A U.S. unit of Royal Dutch Shell plc is back to work in the Gulf of Mexico (GOM), CFO Simon Henry said Thursday. ExxonMobil Corp. also said Thursday that it began drilling a new well in the GOM a few weeks ago.
Shell has applied for eight permits to drill in the GOM under the more stringent rules enacted by the Bureau of Ocean Energy Management, Regulation and Enforcement (BOEM), Henry told financial analysts during a conference call. Of the 10 approved by BOEM to date, Shell has snagged two.
"We had eight applications in, including two new exploration plans," Henry explained. "Two plans now have been approved. Cardamom was approved, and the Appomattox permit has been deemed complete. It hasn't been approved, but it is considered complete. Those are the only ones for new drilling."
In March Shell gained the first federal approval to launch Cardamom Deep, the first new deepwater exploration plan in the GOM (see Daily GPI, March 22).
"Drilling is under way," Henry said. "We started drilling three weeks ago and we are drilling exploration wells now."
Last June front-end engineering and design of a field development plan to bring Cardamom onstream was begun. As many as eight production wells are expected to flow through Shell's Auger tension-leg platform in Garden Banks Block 426. The Cardamom well is being drilled by the Noble Jim Thompson semi-submersible rig.
The Appomattox prospect, in more than 7,000 feet of water in the Mississippi Canyon, was discovered by Shell in early 2010. Shell already had drilled two wells in the prospect to more than 25,000 feet below the seabed, the first encountering 530 feet oil pay, the next 380 feet. Shell has an 80% operating interest in the prospect; Nexen Inc. holds the remaining stake.
Separately, Henry said, the producer was granted approval early this year to drill an existing well at its Perdido Development, and Shell is "also about to drill" there. Shell and 12 other GOM producers were given the go-ahead in January to continue working on existing projects as long as the projects were in compliance with the revised BOEM rules (see Daily GPI, Jan. 4).
The Perdido Development ramped up last year just weeks before the Deepwater Horizon accident (see Daily GPI, April 5, 2010).
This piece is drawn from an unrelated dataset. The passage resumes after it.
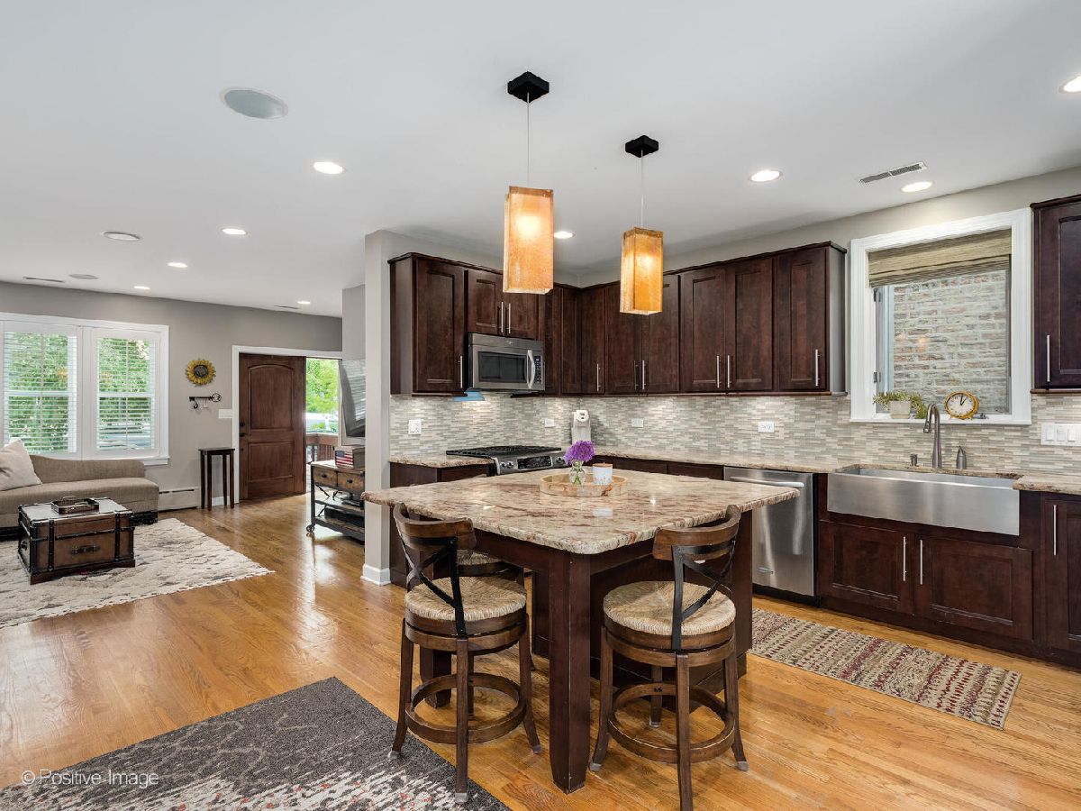 Amazing, cottage style, home with beautiful, original, brick facade in prime Bucktown location! This charming home was fully rehabbed throughout including a back addition and a fully dormered 2nd floor. Upon entry into the foyer, the first level is an open concept, flex-space with living, kitchen, dining, powder room, family room, recessed lighting, and hardwood floors throughout. The living room features space for oversized furniture, large windows custom plantation shutters, and a custom, glass enclosed, fireplace. The expansive kitchen has an abundance of cabinetry, glass tiled backsplash, stainless farmhouse sink, granite counters, and a massive island with table-sized seating. There's also space adjacent for a dining table or desk. The back addition has an area for formal dining or a family room with a bay window overlooking the English-style inspired garden and patio. Additionally, there's a mudroom and newer staircase leading to the 2nd floor. Upstairs is a vaulted sunroom with a wood plank ceiling and skylights - a perfect location for a home office or exercise spot. This floor also has brand-new carpeting and 3 bedrooms and 2 full baths. The primary suite is nicely sized and features 2 closets - one a walk-in, and a newly updated bathroom with an oversized, spa-like shower, subway tile, custom vanity, and skylight. There are 2 more bedrooms and an updated hall bath. The built-out basement has a play area, separate rec. room with office nook, half bath, storage, and a laundry room. To ensure the investment, there's a professional flood control system with check valve and back-up. Other features include dual zoned A/C, radiant heat, new hot water heater, custom plantation shutters, recently maintained fireplace, and chimney. The fully fenced, exterior is a private oasis with a large brick patio and raised garden beds. The brick 2-car garage was recently rehabbed with a new, re-enforced, raised ceiling, built-in interior storage, and a giant roof deck with metal stairs. This home is perfectly located on a very quiet, one-way, tree lined street, and so close to Pulaski school, amazing shops, restaurants, the 606 trail, Holstein pool, parks, EL stops, I-94 and more. Wow!

Called the world's deepest offshore drilling and production facility, the first producing platform in the promising Lower Tertiary Trend is able to produce annual peak production of more than 200 MMcf/d of gas and 100,000 b/d of oil.
In addition to its permitted drilling, Henry noted that Shell has five floating drilling units in the GOM, and it is drilling workovers and some completions off of some platforms.
"Of the floaters we've got that are already new-regulation ready, one is close, one has been taken to Brazil for awhile," he said. "We are getting back to work, but it's still slow progress."
Shell had already estimated that 50,000 boe/d of expected production in the GOM would be lost that "otherwise would have been achieved without the moratorium," he said. Even though drilling in the GOM is restarting, "we won't change the 50,000 boe/d losses...and we would like to see the rest of the applications approved as well."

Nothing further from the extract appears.